I have been in your shoes and and if men think they can keep doing this they do it......im glad your done with it and sticking to your guns....
:hugs:


----------



## Seren0613

Update: not only did he kick me out, he changed the locks. He's being a butthead and saying it's me! Anyway, he's still maintaining he will take full custody. So... I met with a lawyer today. The lawyer is in my hometown (which I'm moving back to since being kicked out. Staying here with parents, sign a lease on an apartment in a week). My lawyer is cut-throat, no nonsense. Other lawyers are scared to go against him in court -- they usually lose. He's that good... and expensive. $3,000 to be exact. So, I'm drawing out of my retirement, but I have to in this situation.

Moral dilemma: where I live, once fob signs birth certificate, he has equal rights. At that point he could grab her and run out. Police will not bring her back to me unless I have a court order saying 1. I have custody 2. He needs to give her back. He could keep her until we went to court, I would have to file an emergency custody hearing. 

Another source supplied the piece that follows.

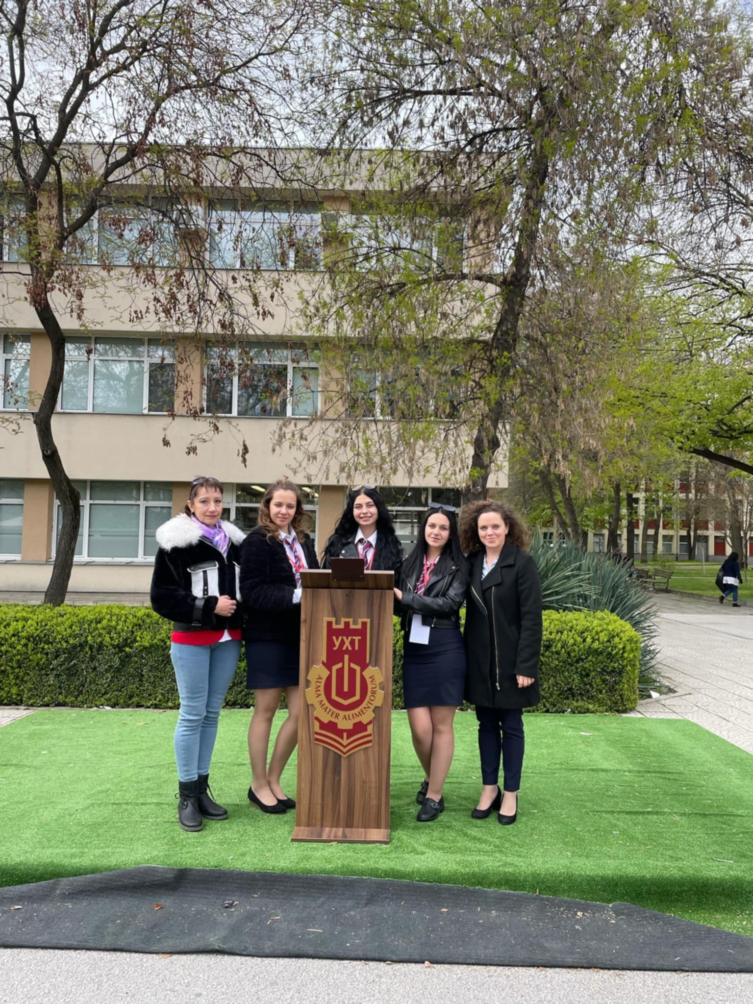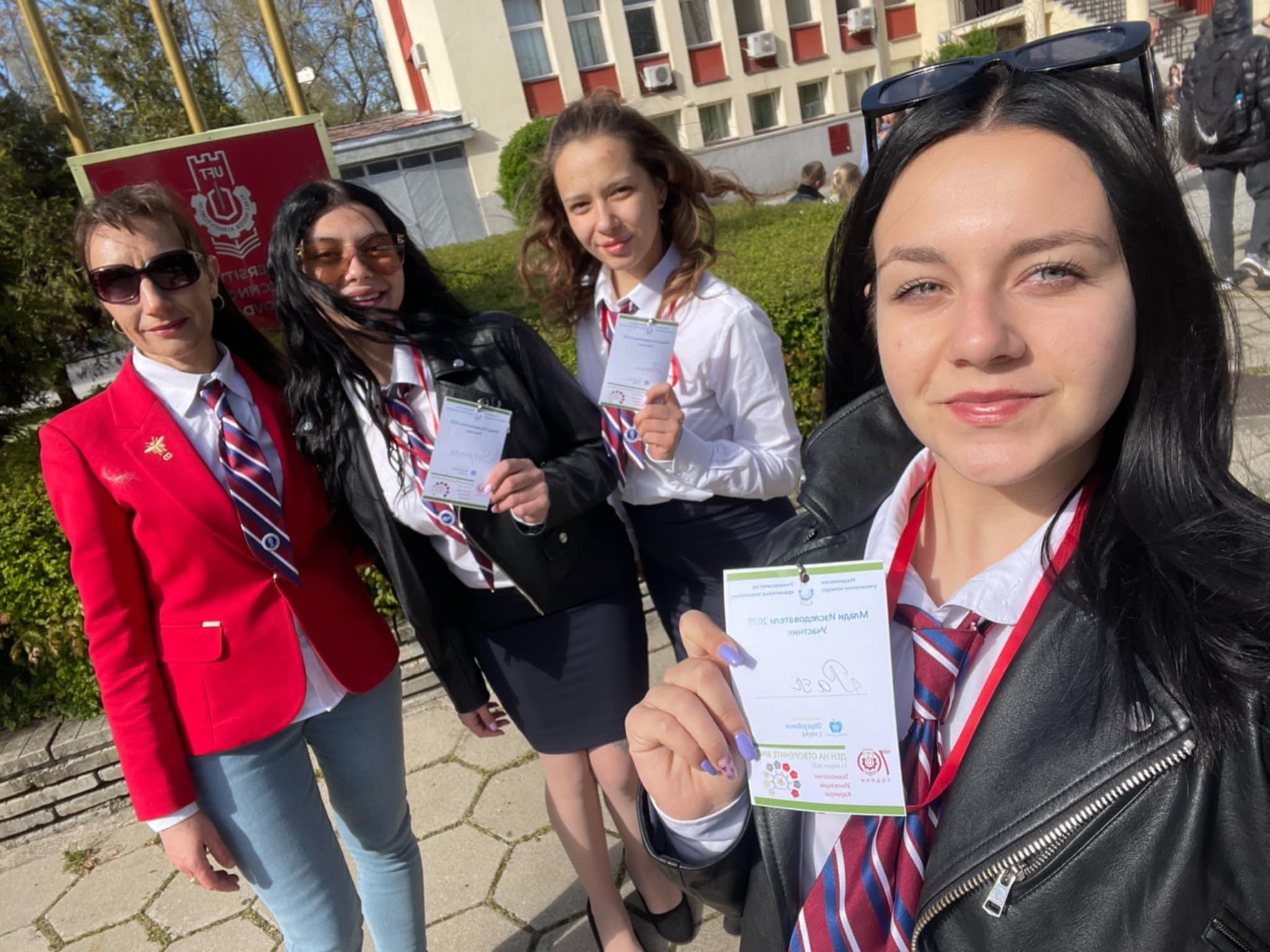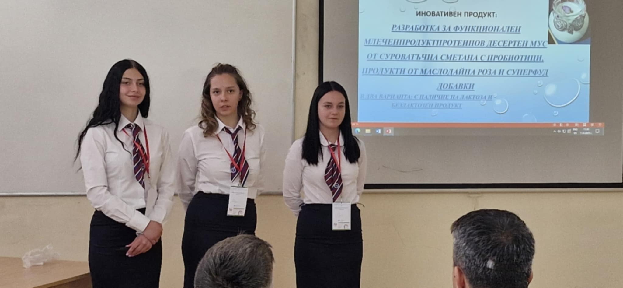 Представители на Професионална гимназия по лека промишленост и туризъм участваха в конкурса „Млади изследователи 2025“ на Университета по хранителни технологии в град Пловдив. Доника Бижева, Рая Димитрова и Габриела Павлова избраха да участват в направление „Храни и напитки“ и разработка по казус: „Иновации в храни и напитки – биохрани, суперхрани, натурални компоненти в храни, нови технологии“ на тема „Производство на млечни продукти от суроватъчна сметана“. Трите момичета се обучават в 11в клас, специалност „Кетъринг“, а техен училищен ментор бе инж.технолог Нели Добрева-Налбантова.

My lawyer says we can't risk this. I agree. He says technically, I don't have to invite him to her birth - he wouldn't. 1. No relationship, no obligation. He says she will be a newborn, they do not have a relationship. Also, as far as "promoting a good relationship for the other parent" (which courts favor the parent who does this and usually award custody to the more responsible parent who facilitates this) does not exist for the previous reason. It would be different if she were 5, but she's a newborn and we were never married. I wanted shared custody with not child support, but he said that's not an option given that I had to move an hour away. 1 of us will have full custody (me) and hr will get short visitation while she is young (a few hrs, at my place) that would build up to every other weekend (at most) when she is older. Also, once she's born, I will have to file for custody. I have a month to get $3,000 to pay my lawyer (do-able, but tough) and then we can begin.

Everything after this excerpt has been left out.